Originally published in Wealth Point, November 2018
If you’re a business owner, it’s likely that you’ve been impacted by The Tax Cuts and Jobs Act that was signed into law in December 2017. As we approach tax season, we review some of the significant changes enacted by the law, and its impact on business owners
The Tax Cuts and Jobs Act is the largest tax reform legislation passed in over 30 years, and implements tax law changes that impact virtually all individuals and businesses. If you’re a business owner, here are some tips to make the most of these new tax provisions. We encourage you to speak with your advisor and tax professional about how these changes will impact your taxes for 2018 and beyond.
One of the most significant changes from this new tax law is that C-corporations are taxed at a flat rate of 21% – a decrease from the previous range of 15%–35%. At face value, this new tax rate for C-corps makes them look more attractive compared to other business types, such as partnerships, limited liability companies (LLCs), and S-corporations (referred to as pass-through entities).
If you’re a sole proprietor (or independent contractor) or own an interest in a partnership, LLC or S-corp, you’re taxed under the individual tax brackets, meaning you could be dealing with taxes at the maximum tax bracket of 37%.
However, before you decide to switch your business entity to a C-corporation, it’s important to review your cash flow needs carefully. With C-corps, you often hear the term “double taxation,” which means that C-corps are taxed on income at the corporate level, and shareholders are then taxed on the same income when it’s distributed as dividends. Depending on your tax bracket, under current law, you’re looking at dividends being taxed at 0%, 15%, or 20% respectively, and there’s often a 3.8% additional tax.
If you need to withdraw money from your business for living expenses, C-corps are often worse than other entity types, as shown in Table 1. If you are able to leave your business’s earnings untouched and keep them within the business, reincorporating your business as a C-corporation may be worth considering.
The new tax law does include some benefits for business owners operating pass-through entities. Starting this year, there is a deduction of up to 20% for qualified business income (also called the “pass-through” deduction) available to business owners with entities other than C-corporations. However, there are two qualifiers that could reduce or eliminate the deduction:
Is your taxable income over or under the income threshold? This is the most important question to determine if you can utilize the 20% pass-through deduction. Even if you think these two qualifiers (your taxable income and business type) exclude your business from taking advantage of this deduction, there are potential workarounds that may help.

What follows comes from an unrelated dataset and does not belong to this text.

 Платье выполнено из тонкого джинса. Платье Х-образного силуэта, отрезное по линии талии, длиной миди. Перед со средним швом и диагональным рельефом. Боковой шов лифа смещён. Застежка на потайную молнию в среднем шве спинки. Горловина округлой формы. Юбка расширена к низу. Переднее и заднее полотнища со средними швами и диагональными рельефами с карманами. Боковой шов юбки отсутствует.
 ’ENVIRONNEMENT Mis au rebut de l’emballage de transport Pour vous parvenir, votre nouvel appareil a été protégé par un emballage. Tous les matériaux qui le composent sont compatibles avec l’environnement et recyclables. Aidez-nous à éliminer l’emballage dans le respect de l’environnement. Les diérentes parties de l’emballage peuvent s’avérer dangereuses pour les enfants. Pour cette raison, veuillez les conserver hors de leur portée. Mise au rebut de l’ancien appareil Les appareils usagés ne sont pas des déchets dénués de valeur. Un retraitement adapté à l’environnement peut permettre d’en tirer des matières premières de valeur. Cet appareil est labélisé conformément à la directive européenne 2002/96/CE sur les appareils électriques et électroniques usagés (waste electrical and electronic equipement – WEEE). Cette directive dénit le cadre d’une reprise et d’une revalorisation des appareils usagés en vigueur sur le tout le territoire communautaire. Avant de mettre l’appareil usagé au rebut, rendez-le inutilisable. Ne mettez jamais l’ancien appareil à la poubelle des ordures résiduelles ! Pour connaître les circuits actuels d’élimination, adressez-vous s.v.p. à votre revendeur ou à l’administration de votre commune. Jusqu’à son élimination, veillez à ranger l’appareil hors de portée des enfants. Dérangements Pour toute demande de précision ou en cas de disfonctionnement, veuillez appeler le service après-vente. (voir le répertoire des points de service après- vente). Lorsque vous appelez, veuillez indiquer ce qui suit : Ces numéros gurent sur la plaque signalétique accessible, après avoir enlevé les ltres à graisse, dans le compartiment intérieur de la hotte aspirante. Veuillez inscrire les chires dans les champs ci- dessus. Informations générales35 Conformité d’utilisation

Since you can take the full deduction if you come under the income thresholds, reducing your income is one of the simplest ways to maximize the deduction.

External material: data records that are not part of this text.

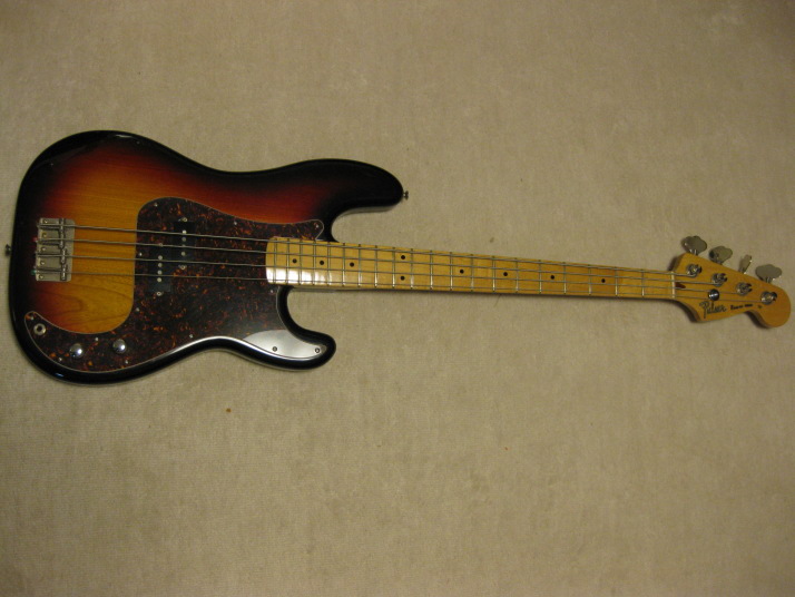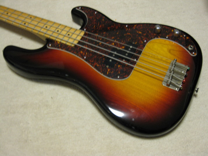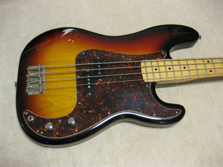 | YAMAHA Pulser Bass Precision Model Late 70 Made Yamaha Pulser Bass made by Kasuga Gakki in 1976-78. I have been keeping this bass for a long time. I thought I should repair the neck head behind. The previous owner changed the tuner at least 2 times. There were many holes. I have fixed them recently. The 2nd-4th string whole areas have a bit paint crack. I have repainted head back, but I didn't do the head front, because I want to keep the logo mark. Those cracks are no problem for playing, anyway. Pick Guard was changed to other brand. I found the extra holes below Pick Guard. Of course, you could not see them. The neck is straight and no twisting. The truss rod is adjustable. The frets are a bit worn but still O.K. for playing. The neck shape is like C as Precision bass. The Nut width is 41.7mm The Sen 2PLY 2-3P body with 3.91Kg. This is not regular Yamaha Bass weight. Very light! The metal parts are not really rusted. These looks good. The screws are changed to brand new. As 30 years old bass, this is generally good condition bass. I offer this bass a bit lower than others. I did a bit repair and not original parts are used. We are going to ship this bass with used Gig Bag. Please try JV Precision Bass! |
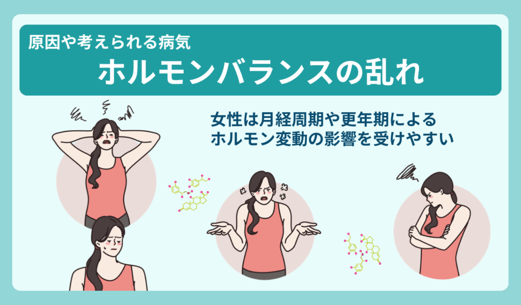 ホルモンバランスの変動や自律神経の影響が関与している可能性が考えられます。
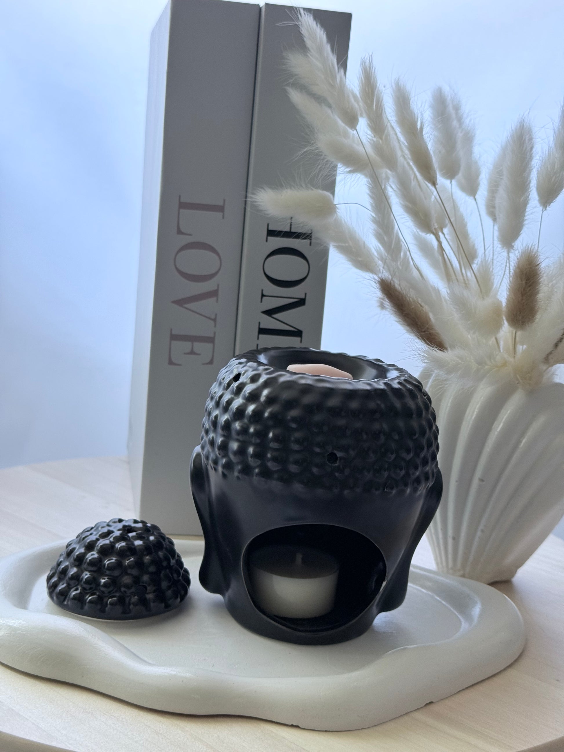 Quemador de cerámica negra con forma de cabeza de Buda, ideal para crear un ambiente de calma y equilibrio. Perfecto para usar con aceites esenciales o ceras aromáticas y aportar un toque espiritual y elegante a tu espacio.

Depending on whether your taxable income falls over or under the income threshold (again, over $157,500 as a single filer or $315,000 for married couples), you can consider paying additional wages from the business to take the full deduction.
An important note: This scenario assumes your business is a qualified “non-specified” business eligible for the deduction. Please see your advisor to determine if paying additional wages makes sense for you and your business, and how much in wages you should pay to take advantage of this deduction. In general, the deduction is limited to 50% of the wages paid, which works out to paying 28.57% of net income as wages.